Era il 1982 quando appariva sugli schermi italiani un anime che raccontava la Rivoluzione Francese. Protagonista del cartone, Lady Oscar, un’eroina che, per volere del padre, indosserà i panni maschili inserendosi nel contesto della rivoluzione, passando da personaggi storici come Robespierre e Marie Antoniette.

L’incontro con l’autrice si svolgerà sabato 2 ottobre 2010 dalle 15:30, presso la Sala Grandi Eventi e Proiezioni Il Teatro di Romics – Padiglione 13. A seguire continuerà la celebrazione di Lady Oscar con un vero e proprio show, che si propone come un evento celebrativo per i 30 anni dalla messa in onda nipponica della serie animata di Lady Oscar.
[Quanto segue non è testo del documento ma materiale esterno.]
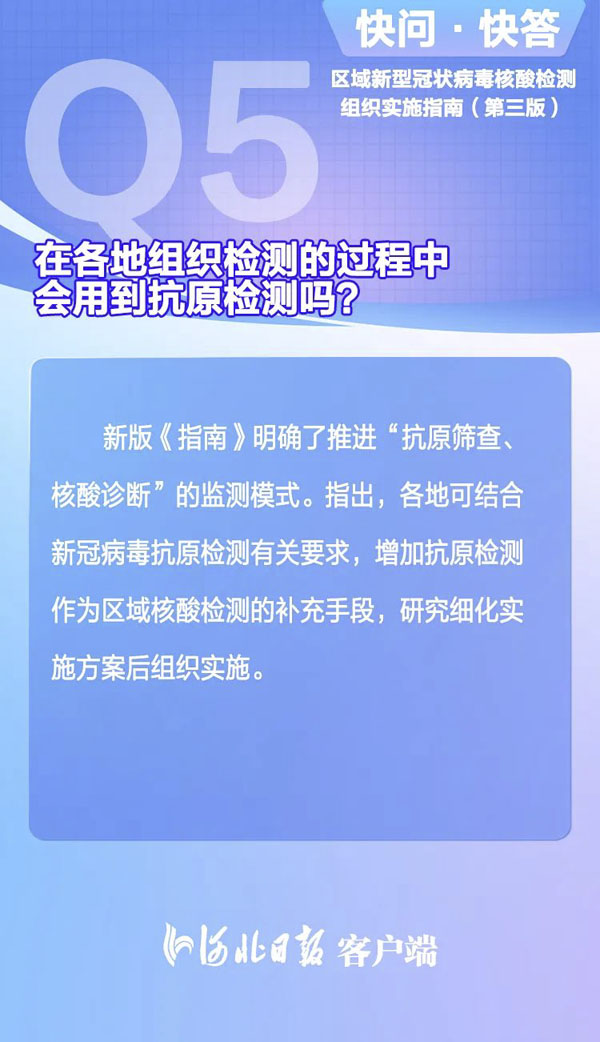 近日,国家卫生健康委发布《区域新型冠状病毒核酸检测组织实施指南(第三版)》,强调核酸检测应该目标明确、有的放矢,不能搞“一刀切”;明确推进“抗原筛查、核酸诊断”的监测模式……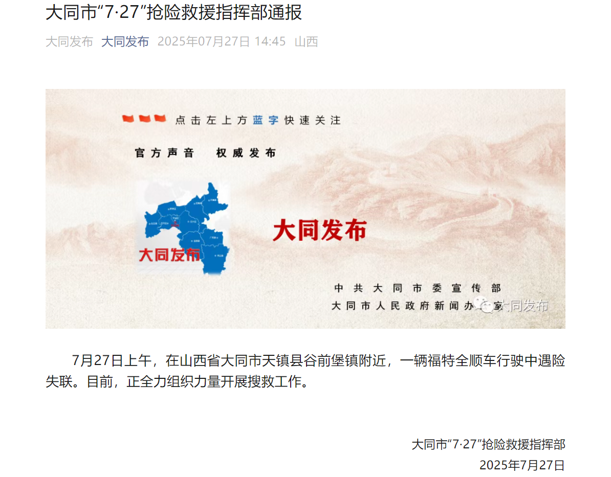 據微信公眾號“大同發佈”消息,山西大同市“7·27”搶險救援指揮部27日通報稱,7月27日上午,在山西省大同市天鎮縣谷前堡鎮附近,一輛福特全順車行駛中遇險失聯。目前,正全力組織力量開展搜救工作。

Il 3 Settembre 1980 è stata infatti trasmessa in Giappone l’ultima puntata della storica serie animata creata da Riyoko Ikeda. Prendendo come pretesto questo evento, sul palco di Romics avrà luogo un “sit-talk”, uno show con situazioni artistiche di vario genere: comiche, musicali, teatrali, sportive ecc che avranno come comune denominatore il personaggio di Lady Oscar. Per celebrare Lady Oscar, oltre all’autrice Riyoko Ikeda e alla cantante della sigla originale Clara Serina, sono stati chiamati all’appello diversi artisti, personaggi del mondo della cultura, dello sport e dello spettacolo, oggi affermati nel proprio settore che erano bambini nel 1980 o che comunque sono cresciuti insieme alla famosa eroina della rivoluzione francese. (more…)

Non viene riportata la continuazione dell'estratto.